Entries taken from a collection
((
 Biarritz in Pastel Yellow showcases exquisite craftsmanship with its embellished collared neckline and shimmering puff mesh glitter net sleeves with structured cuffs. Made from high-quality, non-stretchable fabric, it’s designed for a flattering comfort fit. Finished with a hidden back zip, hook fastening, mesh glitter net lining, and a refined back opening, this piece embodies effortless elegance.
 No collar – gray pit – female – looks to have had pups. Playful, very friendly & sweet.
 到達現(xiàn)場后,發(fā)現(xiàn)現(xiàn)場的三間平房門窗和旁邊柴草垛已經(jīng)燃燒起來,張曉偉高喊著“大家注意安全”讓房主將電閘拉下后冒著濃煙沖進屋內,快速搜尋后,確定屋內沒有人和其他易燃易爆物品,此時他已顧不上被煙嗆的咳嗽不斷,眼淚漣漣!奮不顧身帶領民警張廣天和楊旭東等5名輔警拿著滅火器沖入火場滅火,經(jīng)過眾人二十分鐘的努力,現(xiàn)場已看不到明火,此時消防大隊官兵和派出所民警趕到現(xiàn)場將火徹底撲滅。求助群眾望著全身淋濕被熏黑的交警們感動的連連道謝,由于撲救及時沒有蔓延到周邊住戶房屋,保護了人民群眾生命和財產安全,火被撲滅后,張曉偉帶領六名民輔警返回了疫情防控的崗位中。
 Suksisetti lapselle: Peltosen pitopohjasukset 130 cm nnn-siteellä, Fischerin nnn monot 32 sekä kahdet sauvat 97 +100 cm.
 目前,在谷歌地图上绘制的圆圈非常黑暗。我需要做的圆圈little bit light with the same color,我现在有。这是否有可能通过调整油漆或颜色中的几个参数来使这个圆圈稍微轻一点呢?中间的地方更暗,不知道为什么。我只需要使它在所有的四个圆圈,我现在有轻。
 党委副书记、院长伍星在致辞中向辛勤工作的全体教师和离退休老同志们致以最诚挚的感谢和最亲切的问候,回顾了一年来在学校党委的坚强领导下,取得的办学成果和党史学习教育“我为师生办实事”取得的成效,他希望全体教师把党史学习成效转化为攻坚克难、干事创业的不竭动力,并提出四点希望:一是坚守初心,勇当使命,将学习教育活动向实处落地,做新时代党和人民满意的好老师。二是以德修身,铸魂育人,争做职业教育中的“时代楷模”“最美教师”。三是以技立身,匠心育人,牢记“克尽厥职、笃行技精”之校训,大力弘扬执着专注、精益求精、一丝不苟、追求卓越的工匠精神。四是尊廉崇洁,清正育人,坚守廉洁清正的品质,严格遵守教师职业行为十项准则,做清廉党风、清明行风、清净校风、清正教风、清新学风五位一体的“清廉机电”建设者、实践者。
))
> [EXERCISE GOAL]:
Go to the line holding "Suksisetti lapselle: Peltosen" in the entries above and return it, along with every line after it, exactly as written.

> [REPLY TO THE TASK]:
 Suksisetti lapselle: Peltosen pitopohjasukset 130 cm nnn-siteellä, Fischerin nnn monot 32 sekä kahdet sauvat 97 +100 cm.
 目前,在谷歌地图上绘制的圆圈非常黑暗。我需要做的圆圈little bit light with the same color,我现在有。这是否有可能通过调整油漆或颜色中的几个参数来使这个圆圈稍微轻一点呢?中间的地方更暗,不知道为什么。我只需要使它在所有的四个圆圈,我现在有轻。
 党委副书记、院长伍星在致辞中向辛勤工作的全体教师和离退休老同志们致以最诚挚的感谢和最亲切的问候,回顾了一年来在学校党委的坚强领导下,取得的办学成果和党史学习教育“我为师生办实事”取得的成效,他希望全体教师把党史学习成效转化为攻坚克难、干事创业的不竭动力,并提出四点希望:一是坚守初心,勇当使命,将学习教育活动向实处落地,做新时代党和人民满意的好老师。二是以德修身,铸魂育人,争做职业教育中的“时代楷模”“最美教师”。三是以技立身,匠心育人,牢记“克尽厥职、笃行技精”之校训,大力弘扬执着专注、精益求精、一丝不苟、追求卓越的工匠精神。四是尊廉崇洁,清正育人,坚守廉洁清正的品质,严格遵守教师职业行为十项准则,做清廉党风、清明行风、清净校风、清正教风、清新学风五位一体的“清廉机电”建设者、实践者。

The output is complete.